The Week
It was only a week. But, during that week, we made plans. We sorted out how this new person would fit into our lives. We discussed how to tell our parents. We talked about how much fun our two little ones would have together. We laughed at silly names we could give him/her.
I called my midwife. I found out my due date, July 5th. We talked about when my first appointment would be. This was real. This was happening!
The first signs of pregnancy had arrived, my sense of smell was heightened. My breasts were tender. I joined a due date buddies group on Facebook. I started talking to my little tummy traveler. I told a couple of close friends. I dreamed, I worried, and I did all the things you do when you are expecting.
Then, on November 1st, I started spotting. It was only a little and I had no cramping. My midwife told me that it could just be implantation bleeding and I might not be as far along as I thought. This gave me comfort, but somehow I knew something was amiss. An hour later, more spotting. An hour after that, even more. I tried to got to sleep that night, but it was so difficult to shut out the fear that something was wrong. I went to the bathroom and took another test.
It was negative. I was no longer pregnant.
The next morning and for the next 5 days, I bled and I cried. I kept myself together on the outside, but inside I was a mess. Every pregnant woman I saw, every pair of siblings, every mention of a baby just brought a horrible ache to my heart.

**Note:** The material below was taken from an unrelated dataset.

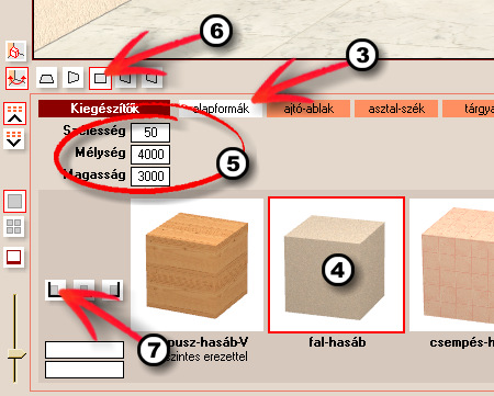 A ferde plafont bútorként helyezzük a szobába mint egy normál fal, majd elforgatjuk.

We never told our family. We never got to experience anything other than a pink line and one week worth of excitement.
This early of a miscarriage may seem trivial to some, but to me it is a tremendous loss. I am grieving. I am hurting. I feel alone. I feel like a failure. I feel like something must be terribly wrong with me.
At first, I blamed myself. I must have done something to cause this. I shouldn’t have done all that walking in weird floppy clown shoes to take my son trick-or-treating. I shouldn’t have taken that new vitamin. I shouldn’t have eaten that spicy food. I shouldn’t have… a million other silly things.
Even though I now know that it wasn’t my fault. A part of me still feels like it was. I carry shame and guilt.